Despite delivering double-digit loan growth and returns, investors appear to have concluded that 2017 was as good as it gets for Virgin Money. Shares have fallen by 6 percent since the annual results on Feb. 27, underperforming the Thomson Reuters UK Banks index. Shareholders were spooked by lower projected mortgage lending and credit card growth, two products which account for 92 percent of revenue.

Higher funding costs could partly explain the jitters. Virgin feasted on cheap money last year under the Bank of England's shock-absorbing Term Funding Scheme, which ended in February. New lending will now be funded with pricier deposits, meaning lending margins will remain squeezed in spite of higher rates. That's why management guided lending margins falling to the "lower end" of a 165 to 170 basis point range, compared to the 172 basis points analysts had previously expected.

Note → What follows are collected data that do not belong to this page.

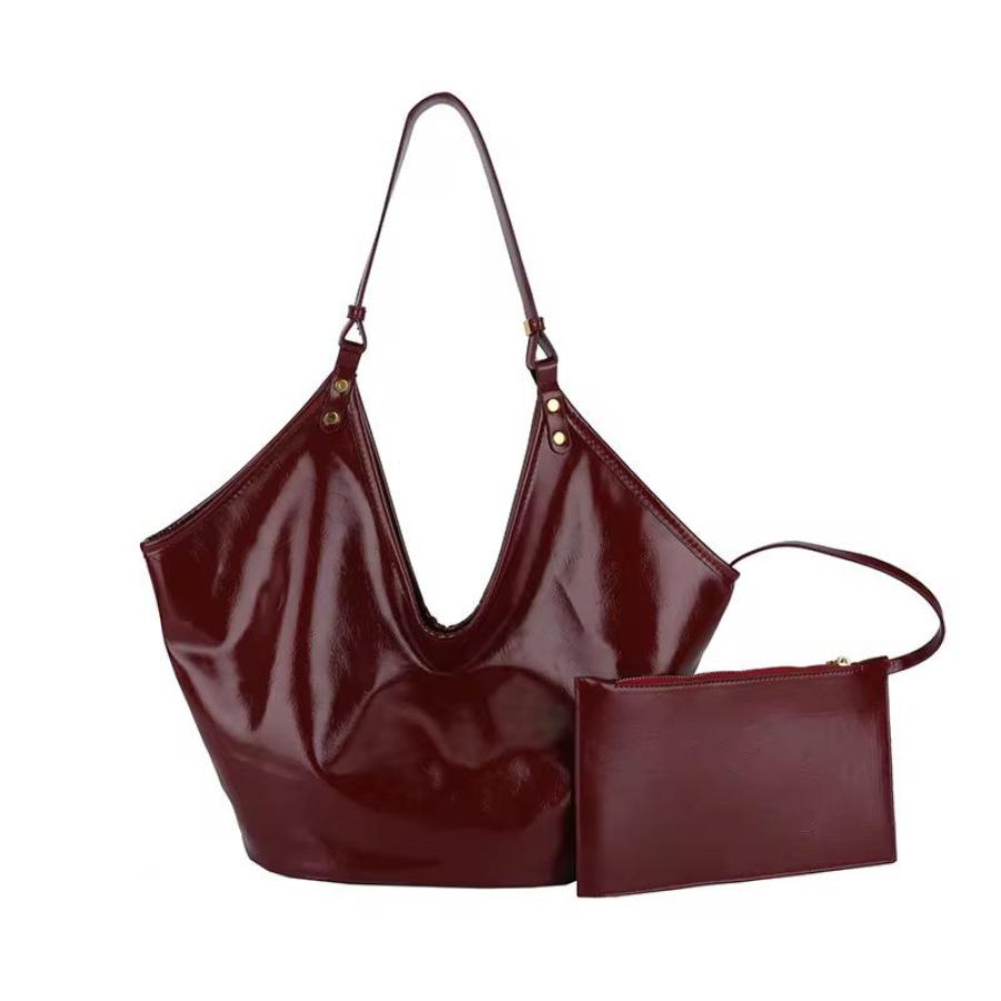 El bolso Éclisse destaca por su silueta amplia y su acabado brillante, que aporta un toque de distinción sin esfuerzo.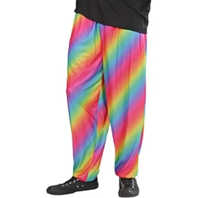 These baggy pants in rainbow colour elastic at the waist will suit a man wearing a size M or L (40 to 44). An original crossover for a colourful and delusionous party or party., Manufacturer: Widmann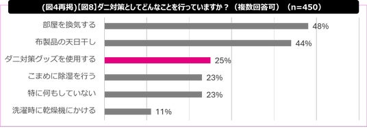 自宅でのダニの存在について、「家にダニがいると思う」と回答した人は約77%にのぼる一方【図7】、ダニ対策として「ダニ対策グッズを使用する」と回答した人は約25%【図8】と“気になってはいても専門的な対策ができていない”実態が浮き彫りになりました。

Yet Virgin's lowly valuation - the stock trades at only 6 times its 2019 earnings - may also anticipate a steep rise in bad debts, which could be the natural corollary of a disorderly UK departure from the European Union. Imagine the lender hits 2019 revenue forecasts of 736 million pounds - which assumes growth of around 5 percent a year, less than half the rate in 2017 - and operating expenses of 379 million pounds. With a tax rate of 26 percent, bad debt charges would have to more than quadruple from 44 million pounds last year for the bank to trade, like Lloyds Banking Group and Royal Bank of Scotland, on 10 times 2019 earnings.

That's quite a jump. An economic slump would also hit bigger peers, and both Lloyds and Virgin Money are exposed to slowing mortgage and credit card markets. An investor bet that storm conditions warrant being in a bigger boat is logical. That doesn't help Virgin Money much.